田上:まずはリラックス感。料理は動きが多いし、服のストレスは避けたい。ヘリテージパンツは太めのシルエットがちょうどよくて、動きやすいし普段着にも馴染む。料理中に汚れても気にしなくていいっていう点も魅力だよね。仕事が終わって汚れたパンツを見ると、頑張ったなって実感できるし。

―― ヘリテージパンツにこうなってほしいな、みたいなのありますか?

田上:自転車に乗る時に少し引っかかる感じがすることかな。でも、それもまあ細かい話で、全体的にはすごく満足してるね。縛ればいいだけだし(笑)

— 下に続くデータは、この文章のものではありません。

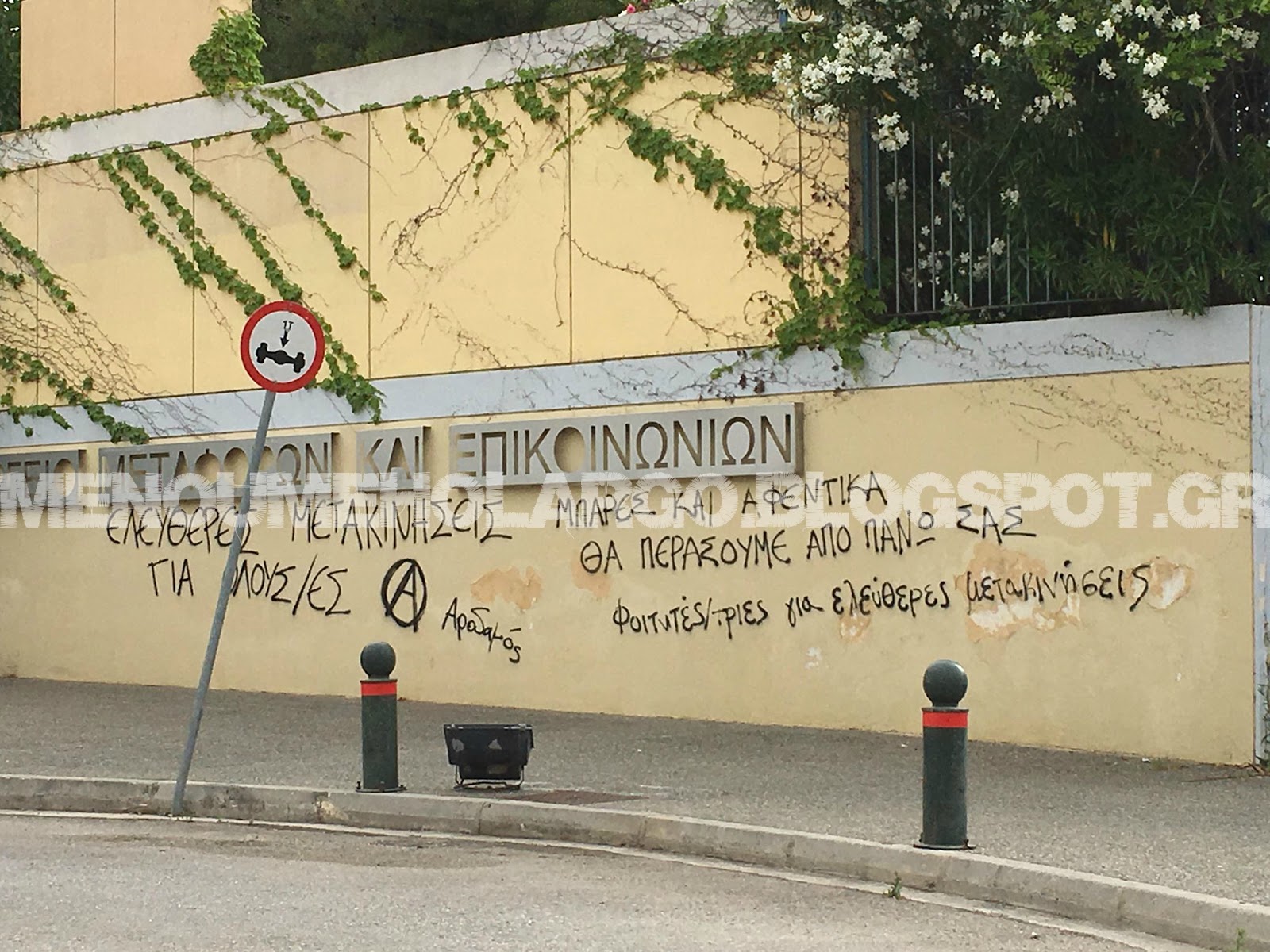 Και ενώ ο… τραγέλαφος με τις μπάρες στους σταθμούς του Μετρό συνεχίζεται, γκράφιτι σχετικού περιεχομένου έκαναν πρόσφατα την εμφάνισή τους στην πρόσοψη της εισόδου του Υπουργείου Μεταφορών στο Χολαργό. Η εικόνα, μιλάει από μόνη της…

―― ワークウェアは陽平さんにとってどんな存在ですか?

田上:自分にとっては戦闘服。この服を着ると、仕事に向かう気合が入るしなんか強くなった気がするというか(笑)汚れやシワは、仕事のやったなって、自分の成長の跡みたいなもの。だから、これからも使い込んでいくのが楽しみだね。悟空も破けてたり汚れてる方が強いでしょ?


陽平さんの料理は、人柄そのままだ。飾らないし、気取らない。
でも、味にはしっかりと芯があって、食べた瞬間に「ああ、これは陽平さんの料理だ」とわかる。
それはヘリテージパンツにも通じるところがある気がしていて、履きこむほどにその人の""が出て、いつしかそれが唯一無二のスタイルになる。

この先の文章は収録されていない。